Passadas duas semanas de oitivas com atuais e ex-integrantes do governo, além do representante do laboratório Pfizer, a CPI da Covid já dispõe de um roteiro claro a ser seguido. A evolução das investigações é desfavorável ao presidente Jair Bolsonaro (sem partido), fragilizado diante dos fatos expostos e com uma tropa de choque ineficaz no colegiado.

Indicação de medicamentos sem eficácia comprovada - o ex-ministro da Saúde Luiz Henrique Mandetta (DEM) afirmou que um grupo de pessoas próximas a Bolsonaro, chamado “ministério paralelo”, chegou a apresentar diretamente ao presidente a minuta de um decreto, em papel não timbrado, com o objetivo de determinar que a Anvisa mudasse a bula da cloroquina para que o medicamento passasse a ser recomendado no tratamento da Covid-19. O projeto foi abortado porque o presidente da agência, Antônio Barra Torres (que confirmou a história), não aceitou as alterações.

Omissão na aquisição de vacinas - a já famosa carta da Pfizer ao governo brasileiro, encaminhada em setembro do ano passado, alertava para a urgência da negociação em torno da compra de vacinas. Por dois meses, a correspondência foi ignorada por Bolsonaro, pelo vice Hamilton Mourão, pelos ministros da Saúde e da Economia e por outras autoridades. Medidas efetivas ocorreram somente meses mais tarde. O ex-secretário de Comunicação Social Fábio Wajngarten levantou o assunto, que foi confirmado em detalhes pelo representante da Pfizer, Carlos Murillo.

Ministério paralelo - em seu depoimento, o ex-ministro Mandetta afirmou que Bolsonaro era aconselhado por uma espécie de “ministério paralelo”, que interferia diretamente nas decisões da pasta. A informação foi confirmada pelo representante da Pfizer, que inclusive relatou a presença do vereador Carlos Bolsonaro (Republicanos/RJ) em reunião com o laboratório no Palácio do Planalto. A pergunta salta aos olhos - qual a relação do filho do presidente com a aquisição de vacinas? O vereador, por sinal, deverá ser convocado pela CPI.

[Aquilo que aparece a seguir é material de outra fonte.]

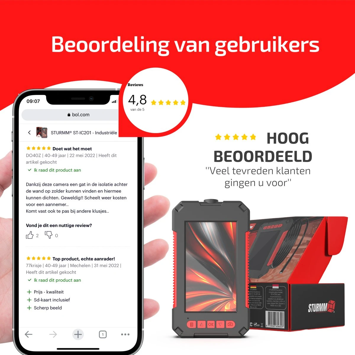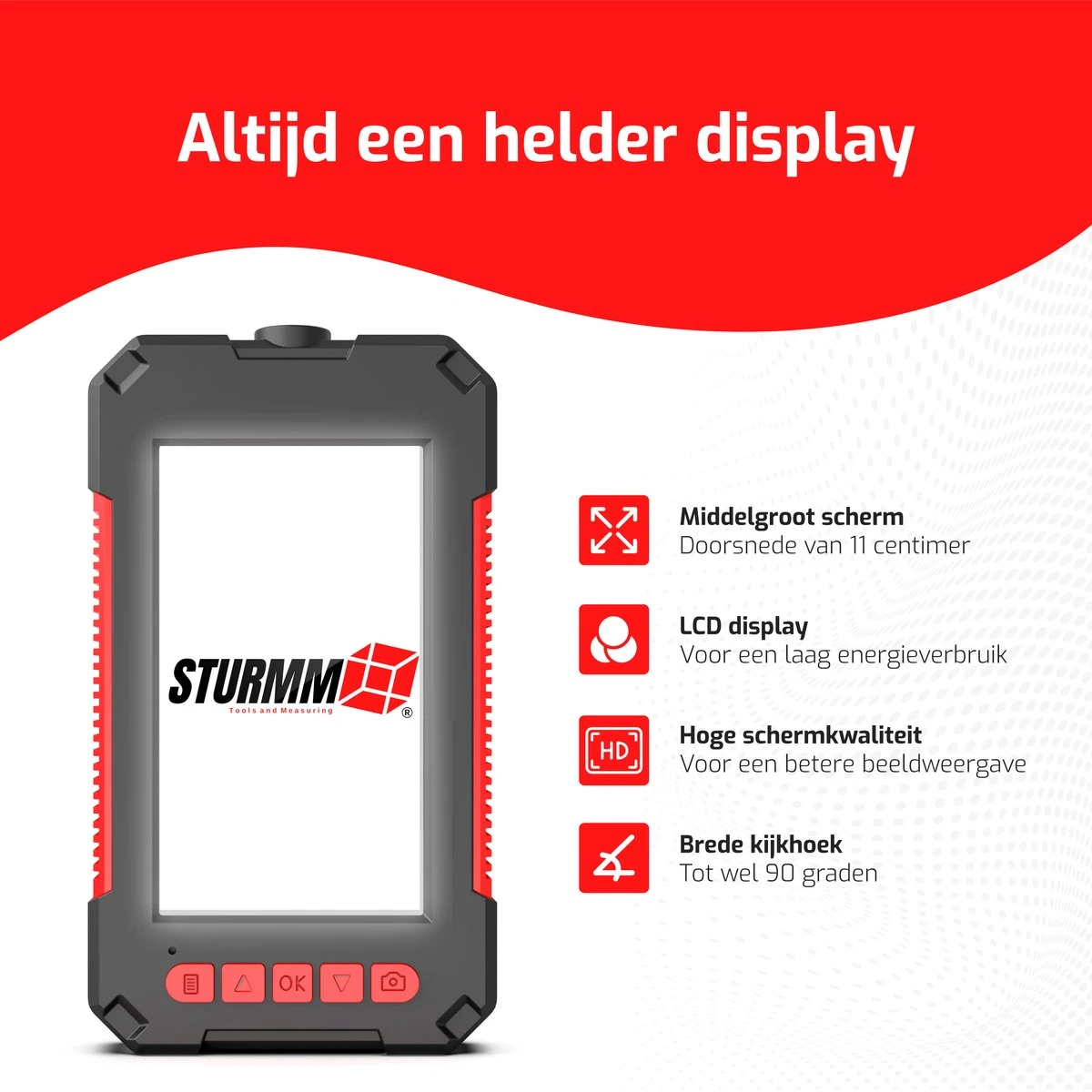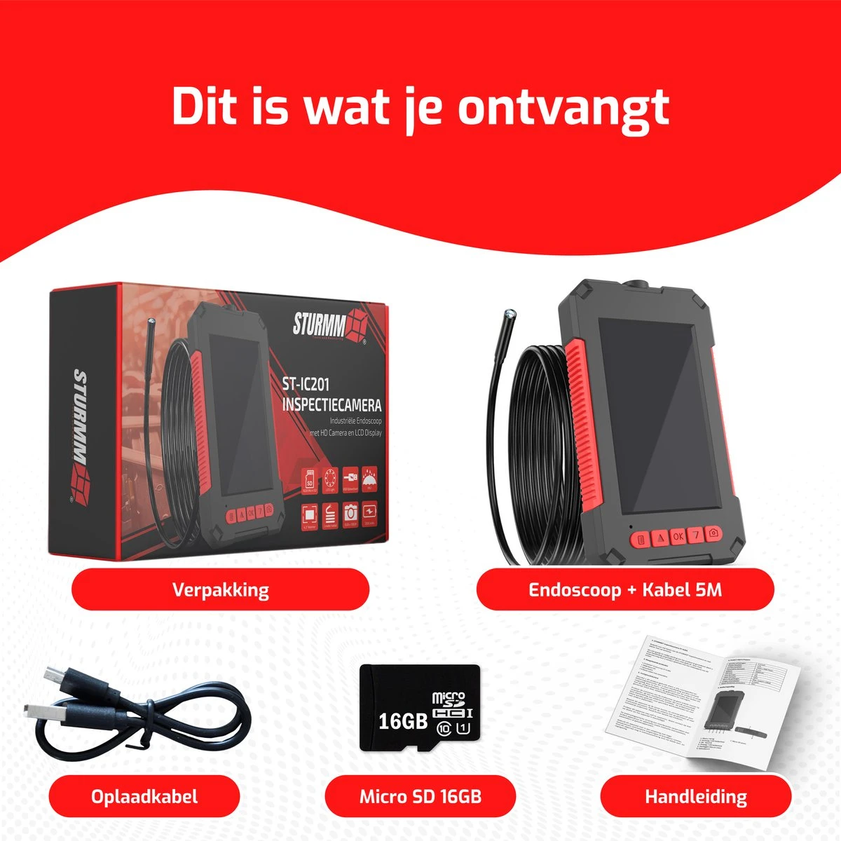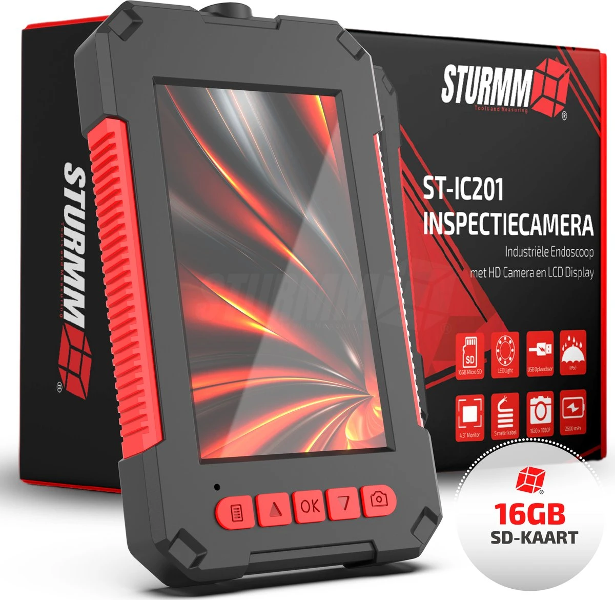 Ontdek het endoscoop assortiment van STURMM® en inspecteer moeilijk bereikbare plekken met één van onze hoog beoordeelde inspectiecamera’s. Model ST-IC201 is een multifunctionele endoscoop en geschikt voor een divers aantal inspectieklussen. Deze inspectiecamera is uitgerust met een hoogwaardige videokabel van 5 meter, HD camera en 4.3 Inch display. De endoscoop wordt geleverd met een gratis 16GB SD kaart voor het vastleggen van al uw beeldmateriaal.
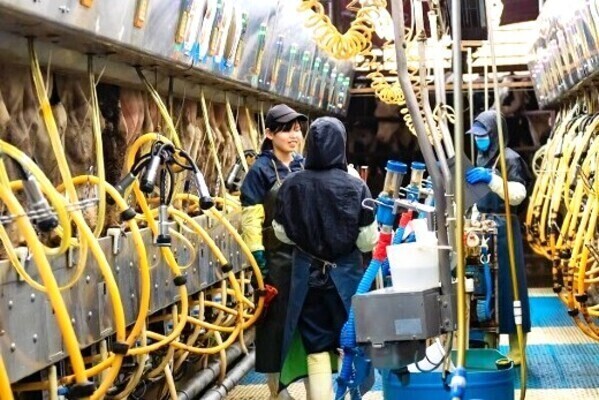 動物が好きで入社。酪農未経験でしたが、先輩の分かりやすい指導で安心して業務を習得できました。入社1年で子牛担当に異動、現在はパーラーで搾乳を行っています。当社の魅力の1つは、こうした様々な業務に携われることです。不安もOJTで克服し、幅広いスキルを身につけ、成長を実感しています。

Ernesto Araújo na CPI - a presença do ex-ministro das Relações Exteriores, assim como fez o ex-secretário de comunicação Fábio Wajngarten, deixará exposto o chamado “núcleo ideológico” do governo. Araújo, em função dos ataques ao governo chinês, é apontado por muitos como um dos corresponsáveis pelo atraso na aquisição de vacinas. Tido como pouco articulado, sua capacidade de convencimento será testada junto aos senadores. O depoimento do ex-ministro pode revelar novas e inconvenientes verdades no que diz respeito às diretrizes da política externa brasileira.

Eduardo Pazuello na CPI - “arquivo vivo” do governo no que diz respeito à pandemia, o ex-ministro da Saúde pode se tornar um “homem-bomba”, ainda mais por conta da famosa frase “um manda e o outro obedece”. Esse fato explica o receio do Planalto com a presença de Pazuello na comissão. Ele já conseguiu adiar uma vez o depoimento e, caso não consiga o habeas corpus preventivo, poderá tentar nova remarcação de data. As declarações do general podem ser decisivas para o rumo das investigações e, no limite, complicar de vez a vida não só de outros membros do governo federal, mas, em especial, a do titular do Planalto.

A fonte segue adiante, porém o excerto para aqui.